* _TASK OBJECTIVE_
The answer must be the full listing, word for word, with no pictures in it.

--- INFORMATION PROVIDED Enclosed Below ---

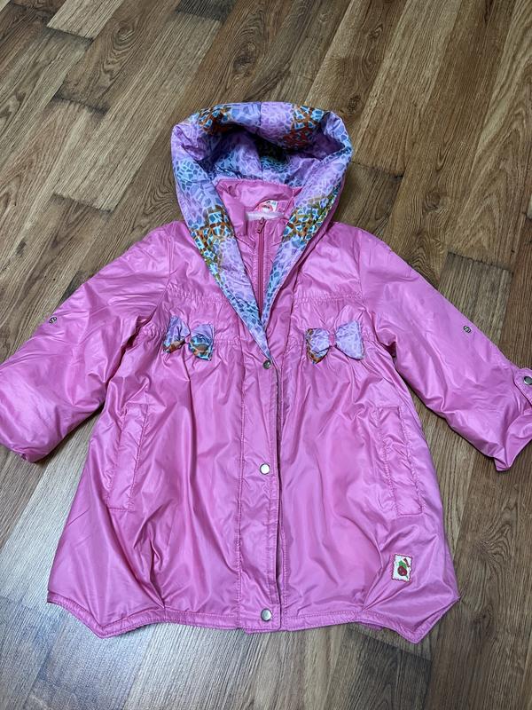 Курточка на девочку, где-то рочков на 3-4, лучше ориентируйтесь на замеры, б/у, в хорошем состоянии, на рукаве есть дефект, фото в объявлении.
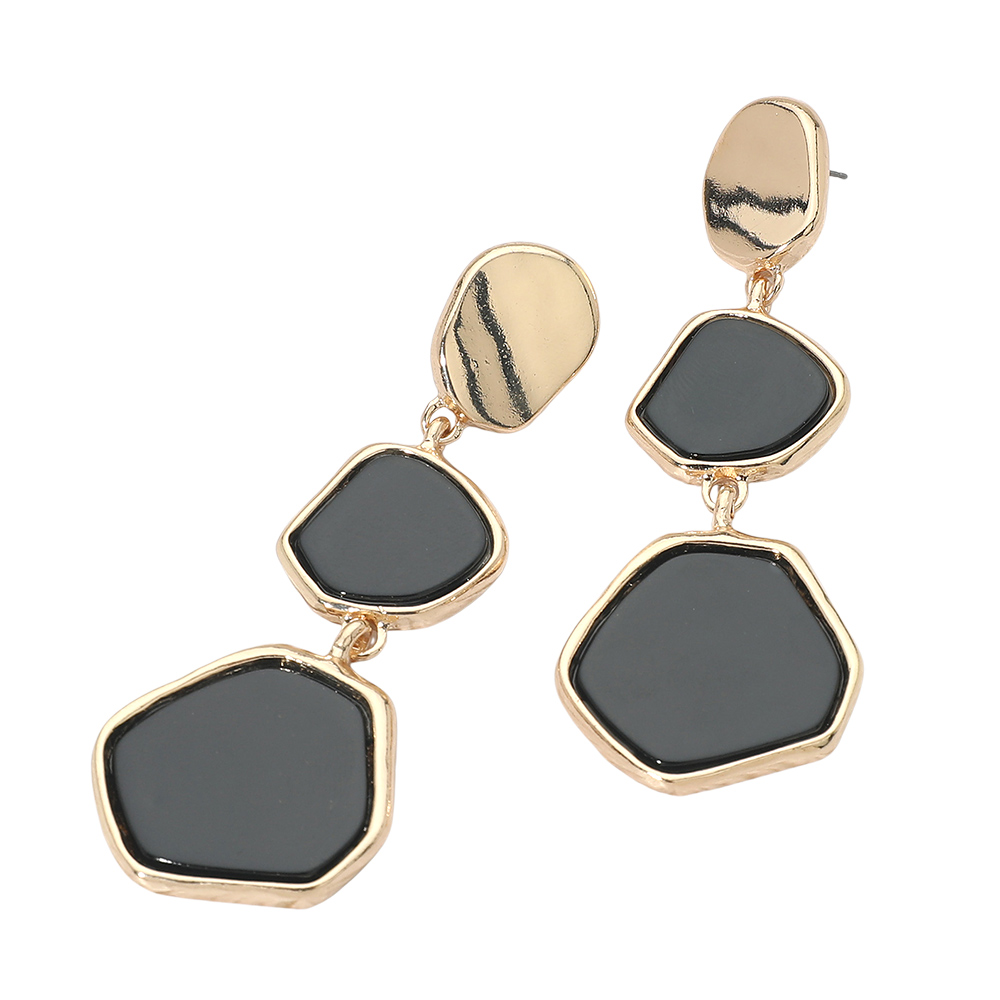 Details • Size : 1.25" X 3.5" • Post Back • These abstract geometric drop earrings feature bold, asymmetrical shapes that create a chic modern look. Their artistic design adds a touch of sophistication and versatility, perfect for enhancing both casual and evening outfits with effortless contemporary style. • Lead and Nickel Compliant
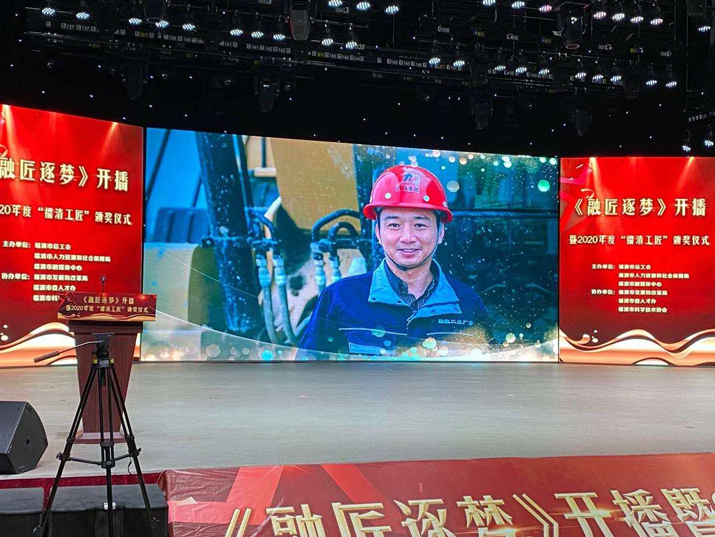 金秋十月硕果香,获奖喜讯频频传。2020年10月22日,由福清市总工会、市人社局、市融媒体中心主办,福清市发改局、市人才办、市科协协办的2020年度“福清工匠”颁奖仪式在福清市融媒体中心演播厅举行。福清市领导张新怿、林彤、刘必建、林传烜等出席活动。融旗集团挖掘机驾驶员魏成栋获得“2020年度十大福清工匠”。
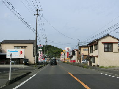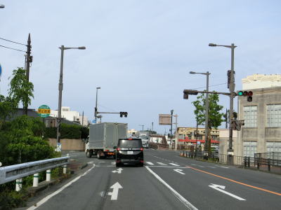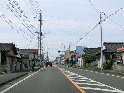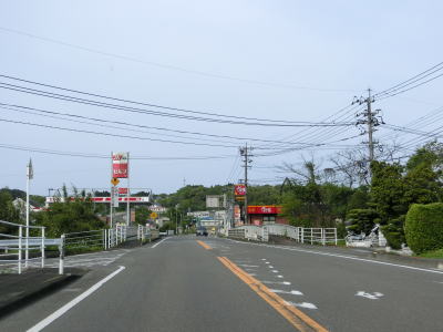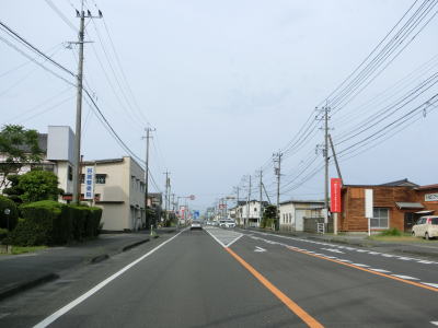 | 海沿いを通っている市道(港湾道路?)の月の浦橋の傍でやや急な左カーブを曲がる。その先の右カーブを曲がると肥薩おれんじ鉄道から少し離れる。市街地を過ぎて交通量はやや少なくなり信号機付きの交差点も殆どないため流れは良くなる。一時期に離れた肥薩おれんじ鉄道の跨道橋をくぐる。 | ||
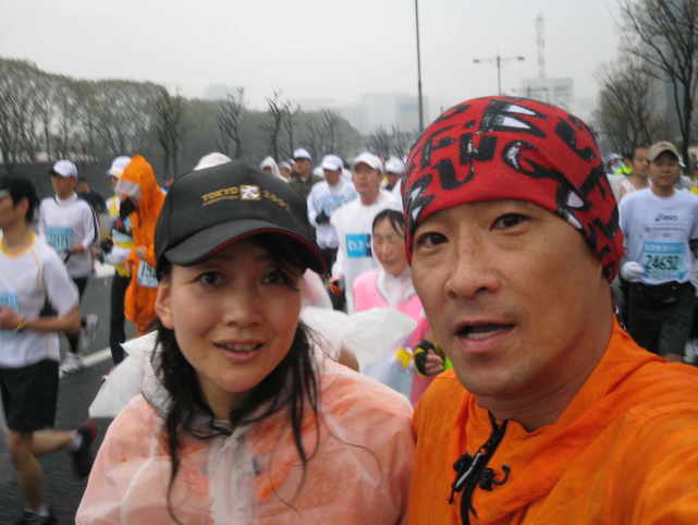 夫婦で初めて1緒に走ることになった第1回東京マラソン。今回は妻と運命共同体。妻と1緒に走り、妻が完走できなければ私もそれに付き合いリタイアすると決めての出場だった。コースの概略やその経緯については、妻が先の投稿で既に紹介済みなので、私のほうは少し高慢な言い方にはなるが、妻をサポートする立場でどんな思いでこの東京マラソンを走って(歩いて?)きたのかを綴らせて頂くことにしよう。それでは苦戦を強いられることとなった大会終盤を中心に以下。25㌔付近までは『おっ、なかなかやるな!』と感心していた妻の力走も、股関節や腰に疲労と故障が発生しはじめ徐々に失速。35㌔付近に至っては、妻はびっこ(使っちゃいけない言葉だが代替用語が見当たらないので失敬!)をひき、もはや誰がみても健康な人間の歩行状態ではなくなっていた。このときで1㌔15分ペース。『こりゃもう駄目かな。』焦る気持ちは徐々に落胆の気持ちへ。10000事休すか。プレッシャーを与えてはならないと思いつつも、後になって「ちゃんと教えてくれてたらもう少し頑張れたのに!」といわれても困るので、私:「あのねぇ、、、現実的な話するようで悪いねんけど。。。」妻:「なに?」私:「このままのペースでいったら時間内完走は無理やよ。」妻:「・・・」私:「いや、それはそれで別にいーねんよ。無理なもんは無理やねんからさ。」妻:「・・・」しかし、こんなメッセージを発信しても、それに対して妻が無言であったことから彼女も現状で精1杯、どうすることもできない状態であることが窺えた。そうこうしているうちに制限時間をオーバーするランナーを回収する収容バスの姿がチラチラと目に入るようになってきた。今まで収容バスをこんなに脅威に感じたことはない。私達の後ろで待機するようにゆっくり走っては追い越し、追い越してはまた徐行する。バス会社は“はとバス”であったが、私達にとっては“はと”どころか“禿げ鷹”に狙われた息絶え絶えの獲物の心境であった。エイドステーションで費やすロスタイムさえ時間内完走に大きな影響を与えるほどの微妙な時間になってきていたが、どうせこの状態で歩いていても時間内完走は見込み薄となっていたので、ここは1か8かの勝負でエイドステーションの治療による回復に望みを繋げることにした。幸いマッサージやアイシング等を施してもらうことで、その後暫らくは早歩きが可能となり、私なりの計算では半ば諦めかけていた時間内ゴールに1陣の光が射してきた。ちょうどその頃には雨があがり、現実の世界でも光が射しはじめ、観客の方々から「急げばまだ間に合う!」と条件付きの声援を頂き、そんな声援も味方にして頑張った。そして“あと1㌔”の看板をみた妻が、急に息を吹き返したように元気になって早歩きのラストスパート!ゴールまであと数10㍍ほどのところで、妻に「走れる?」と聞いてみたら「うん!」という返事が返ってきたので、そこからは恥ずかしげもなく手を取り合って、観客やスタッフの大声援を受けながら最後のラン!そしてぎりぎりのゴール!制限時間の7時間まで、僅か8秒を残して6時間59分52秒のゴールだった。結局タイムリミットぎりぎりでゴールしたものの、私達のすぐ背後にもランナーの気配を感じていたので、そのときは最終ランナーだと思っていなかった。ゴール直後に記者らしき方に、「最終でゴールなさいましたね!」といわれて初めて『あれ、そうなの?』と思ったが、実は今回の東京マラソン、仕事の忙しい時期に明確な理由も示さず土曜日に休暇をとって抜け出してきていたものだから『こりゃやばいっ!』と思い、咄嗟に「いえ、違います!私達の後にゴールした方がおられました!」といったのだが、その記者は「いえ、あなた達が最後でした。私、ちゃんとみてました。」としっかり口調でニコニコ笑顔。そんなやり取りをしているうちに大勢の報道陣に瞬く間に取り囲まれてしまい、そうなるともうあとの祭り。『まっ、いいか!職場ではちょっと気まずいけど、犯罪をスクープされた訳でもなし!』と気持ちを切り替えるほかなかった。ついでに馬鹿話をすると、大会前、妻が冗談ながらに「どうせ遅いんだったら、いっそ最終ランナーになって脚光を浴びたら?って実家の母にいわれた。」…といったので「そんなアホなこと考えとる奴はどうせ1杯おるやろ!」と2人で笑ったこと記憶に新しい。しかしタイムリミットぎりぎりのところでゴールしたのでよくわかったが、最終ランナーになろうとタイミングを見計らっているようなアホな奴など1人もいなかった。皆、死ぬか生き残るのかの真剣勝負だった。さて、帰りの新幹線までそれほど時間にゆとりもなく、なにがなにやら分からぬ状態でバタバタと2人で列車に乗り込むことに。。。2人とも取り合えずは駅弁にがっつき、ようやく落ち着いたところで夫婦でゆっくり無事に終わった大会のことでも語らおうかと、ふと妻のほうをみると、妻は既に寝息
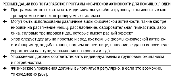 Всемирная организация здравоохранения в рекомендациях по поощрению физической активности пожилых людей указала, что «хотя физически активный образ жизни возможен без участия в официальной программе упражнений, однако во многих промышленно развитых обществах только организованные программы предоставляют возможность поддерживать физическую активность» [267]. При разработке программ физической активности для пожилых людей ВОЗ рекомендовала учитывать основные условия, которым такие программы должны соответствовать.

--- End of Enclosed INFORMATION PROVIDED ---

* _EXERCISE ANSWER_
 Курточка на девочку, где-то рочков на 3-4, лучше ориентируйтесь на замеры, б/у, в хорошем состоянии, на рукаве есть дефект, фото в объявлении.
 Details • Size : 1.25" X 3.5" • Post Back • These abstract geometric drop earrings feature bold, asymmetrical shapes that create a chic modern look. Their artistic design adds a touch of sophistication and versatility, perfect for enhancing both casual and evening outfits with effortless contemporary style. • Lead and Nickel Compliant
 金秋十月硕果香,获奖喜讯频频传。2020年10月22日,由福清市总工会、市人社局、市融媒体中心主办,福清市发改局、市人才办、市科协协办的2020年度“福清工匠”颁奖仪式在福清市融媒体中心演播厅举行。福清市领导张新怿、林彤、刘必建、林传烜等出席活动。融旗集团挖掘机驾驶员魏成栋获得“2020年度十大福清工匠”。
 | 海沿いを通っている市道(港湾道路?)の月の浦橋の傍でやや急な左カーブを曲がる。その先の右カーブを曲がると肥薩おれんじ鉄道から少し離れる。市街地を過ぎて交通量はやや少なくなり信号機付きの交差点も殆どないため流れは良くなる。一時期に離れた肥薩おれんじ鉄道の跨道橋をくぐる。 | ||
 夫婦で初めて1緒に走ることになった第1回東京マラソン。今回は妻と運命共同体。妻と1緒に走り、妻が完走できなければ私もそれに付き合いリタイアすると決めての出場だった。コースの概略やその経緯については、妻が先の投稿で既に紹介済みなので、私のほうは少し高慢な言い方にはなるが、妻をサポートする立場でどんな思いでこの東京マラソンを走って(歩いて?)きたのかを綴らせて頂くことにしよう。それでは苦戦を強いられることとなった大会終盤を中心に以下。25㌔付近までは『おっ、なかなかやるな!』と感心していた妻の力走も、股関節や腰に疲労と故障が発生しはじめ徐々に失速。35㌔付近に至っては、妻はびっこ(使っちゃいけない言葉だが代替用語が見当たらないので失敬!)をひき、もはや誰がみても健康な人間の歩行状態ではなくなっていた。このときで1㌔15分ペース。『こりゃもう駄目かな。』焦る気持ちは徐々に落胆の気持ちへ。10000事休すか。プレッシャーを与えてはならないと思いつつも、後になって「ちゃんと教えてくれてたらもう少し頑張れたのに!」といわれても困るので、私:「あのねぇ、、、現実的な話するようで悪いねんけど。。。」妻:「なに?」私:「このままのペースでいったら時間内完走は無理やよ。」妻:「・・・」私:「いや、それはそれで別にいーねんよ。無理なもんは無理やねんからさ。」妻:「・・・」しかし、こんなメッセージを発信しても、それに対して妻が無言であったことから彼女も現状で精1杯、どうすることもできない状態であることが窺えた。そうこうしているうちに制限時間をオーバーするランナーを回収する収容バスの姿がチラチラと目に入るようになってきた。今まで収容バスをこんなに脅威に感じたことはない。私達の後ろで待機するようにゆっくり走っては追い越し、追い越してはまた徐行する。バス会社は“はとバス”であったが、私達にとっては“はと”どころか“禿げ鷹”に狙われた息絶え絶えの獲物の心境であった。エイドステーションで費やすロスタイムさえ時間内完走に大きな影響を与えるほどの微妙な時間になってきていたが、どうせこの状態で歩いていても時間内完走は見込み薄となっていたので、ここは1か8かの勝負でエイドステーションの治療による回復に望みを繋げることにした。幸いマッサージやアイシング等を施してもらうことで、その後暫らくは早歩きが可能となり、私なりの計算では半ば諦めかけていた時間内ゴールに1陣の光が射してきた。ちょうどその頃には雨があがり、現実の世界でも光が射しはじめ、観客の方々から「急げばまだ間に合う!」と条件付きの声援を頂き、そんな声援も味方にして頑張った。そして“あと1㌔”の看板をみた妻が、急に息を吹き返したように元気になって早歩きのラストスパート!ゴールまであと数10㍍ほどのところで、妻に「走れる?」と聞いてみたら「うん!」という返事が返ってきたので、そこからは恥ずかしげもなく手を取り合って、観客やスタッフの大声援を受けながら最後のラン!そしてぎりぎりのゴール!制限時間の7時間まで、僅か8秒を残して6時間59分52秒のゴールだった。結局タイムリミットぎりぎりでゴールしたものの、私達のすぐ背後にもランナーの気配を感じていたので、そのときは最終ランナーだと思っていなかった。ゴール直後に記者らしき方に、「最終でゴールなさいましたね!」といわれて初めて『あれ、そうなの?』と思ったが、実は今回の東京マラソン、仕事の忙しい時期に明確な理由も示さず土曜日に休暇をとって抜け出してきていたものだから『こりゃやばいっ!』と思い、咄嗟に「いえ、違います!私達の後にゴールした方がおられました!」といったのだが、その記者は「いえ、あなた達が最後でした。私、ちゃんとみてました。」としっかり口調でニコニコ笑顔。そんなやり取りをしているうちに大勢の報道陣に瞬く間に取り囲まれてしまい、そうなるともうあとの祭り。『まっ、いいか!職場ではちょっと気まずいけど、犯罪をスクープされた訳でもなし!』と気持ちを切り替えるほかなかった。ついでに馬鹿話をすると、大会前、妻が冗談ながらに「どうせ遅いんだったら、いっそ最終ランナーになって脚光を浴びたら?って実家の母にいわれた。」…といったので「そんなアホなこと考えとる奴はどうせ1杯おるやろ!」と2人で笑ったこと記憶に新しい。しかしタイムリミットぎりぎりのところでゴールしたのでよくわかったが、最終ランナーになろうとタイミングを見計らっているようなアホな奴など1人もいなかった。皆、死ぬか生き残るのかの真剣勝負だった。さて、帰りの新幹線までそれほど時間にゆとりもなく、なにがなにやら分からぬ状態でバタバタと2人で列車に乗り込むことに。。。2人とも取り合えずは駅弁にがっつき、ようやく落ち着いたところで夫婦でゆっくり無事に終わった大会のことでも語らおうかと、ふと妻のほうをみると、妻は既に寝息
 Всемирная организация здравоохранения в рекомендациях по поощрению физической активности пожилых людей указала, что «хотя физически активный образ жизни возможен без участия в официальной программе упражнений, однако во многих промышленно развитых обществах только организованные программы предоставляют возможность поддерживать физическую активность» [267]. При разработке программ физической активности для пожилых людей ВОЗ рекомендовала учитывать основные условия, которым такие программы должны соответствовать.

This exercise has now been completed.